Multistate Lexer

Multistate lexers are used to switch lexical analysis modes "on the fly", for example when a grammar combines several different languages with different (including conflict ones, which are present in both grammars) tokens.

Please note that this mode can significantly reduce the performance of lexical analysis.

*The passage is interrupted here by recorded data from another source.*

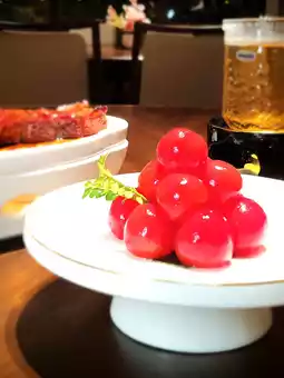 The tomatoes are sweet and juicy, paired with the tangy and sweet plum sauce, offering a refreshing taste perfect as an appetizer.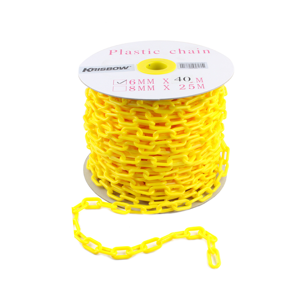 Plastic chain is available in diameter of 6 mm, including multicolor combinations, reflective, gold-tone, and chrome-tone. While not loa d-bearing, these plastic chains are durable and attractive. |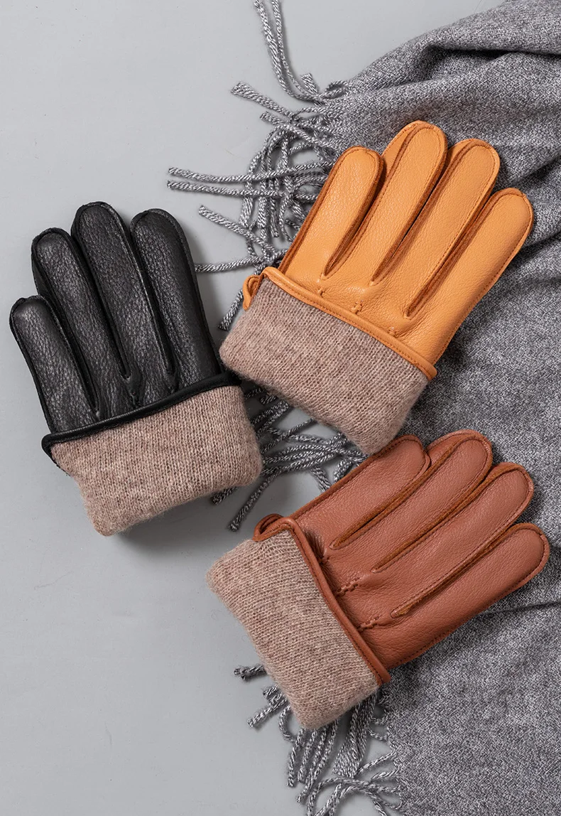 Перчатки мужские из оленьей кожи, трикотажные + кожаные дышащие, дл...

If additional parsing of an existing token is required (for example, ASCII-sequences inside strings), it is recommended to use additional parsing of the existing token instead of multistate.

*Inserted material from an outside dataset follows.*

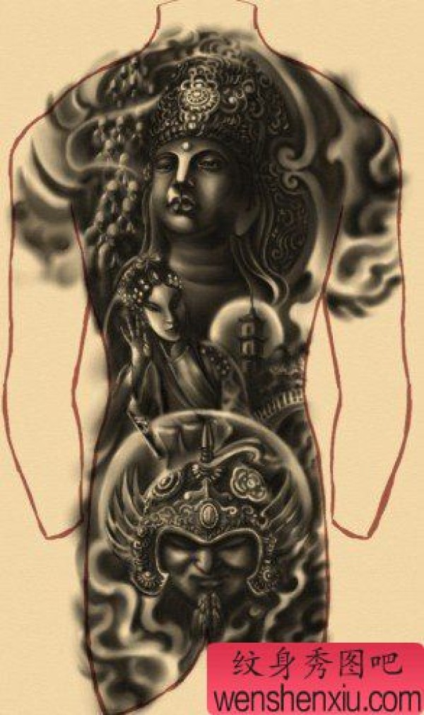 超霸气的满背佛花旦天兵天将纹身图案

Before creating a multistate lexer, you should create two different lexers, each of which will belong to its own category of "languages" which will then be combined into a common multistate lexer.

$lexer = new \Phplrt\Lexer\Multistate([
    'html' => new \Phplrt\Lexer\Lexer([ ... ]),
    'php' => new \Phplrt\Lexer\Lexer([ ... ])
]);

After this, you should configure the transition rules.

For example:

  • If the token <?php was found in the html lexer...
    • Then we should move to the php lexer.
  • If the php lexer contains the ?> token...
    • Then we go back to the previous state.
$lexer = new \Phplrt\Lexer\Multistate(
    states: [
        'html' => new \Phplrt\Lexer\Lexer([ ... ]),
        'php' => new \Phplrt\Lexer\Lexer([ ... ])
    ],
    transitions: [
        'html' => [ 'T_PHP_OPEN'  => 'php'  ],
        'php'  => [ 'T_PHP_CLOSE' => 'html' ],
    ]
);